The ordering of the basis elements (alphabetical ordering of the corresponding interval basis elements) is of some significance; the first three (the v2-free elements, whose coefficients always have an a2 and a b2) are of more significance to the theory of temperaments.

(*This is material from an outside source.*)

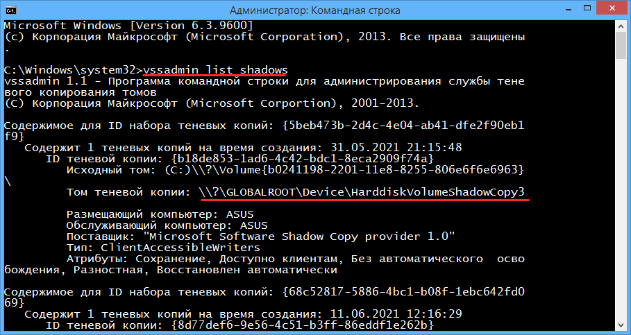 Как вы поняли, том теневой копии в команде это HarddiskVolumeShadowCopy1, к которому указывается путь (начинается с двух слешей).

Duality for 7-limit 2-vals or 2-monzos gives us this:

<<c1 c2 c3 c4 c5 c6||* = ||c6 -c5 c4 c3 -c2 c1>>

||c1 c2 c3 c4 c5 c6>>* = <<c6 -c5 c4 c3 -c2 c1||

If we take the dual of the product of two monzos we obtain the following:

(|a2, a3 a5, a7>/\|b2, b3, b5, b7>)* =

<<a5 b7-b5 a7, a7 b3-a3 b7, a3 b5 -a5 b3, a2 b7-b2 a7, a5 b2-a2 b5, a2 b3 - a3 b2||

This bival, and not the bimonzo itself, is what we would use to define the wedgie of the temperament defined by the two monzos.

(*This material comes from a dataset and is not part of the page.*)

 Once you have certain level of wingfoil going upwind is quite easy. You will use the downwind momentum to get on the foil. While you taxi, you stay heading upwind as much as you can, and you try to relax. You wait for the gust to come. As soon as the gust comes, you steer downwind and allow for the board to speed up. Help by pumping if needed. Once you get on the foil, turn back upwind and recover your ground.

For instance, the monzo for 126/125 is |1 2 -3 1> and for 81/80 is |-4 4 -1 0>. The wedge product of these two monzos is ||12 -13 4 10 -4 1>>, and ||12 -13 10 4 -1 1>>* = <<1 4 10 4 13 12||. We may obtain the same bival directly as a product of vals; <19 30 44 53|/\<12 19 28 34| = <<1 4 10 4 13 12|| . Whichever way we obtain it, this bival is the wedgie for the septimal meantone linear temperament.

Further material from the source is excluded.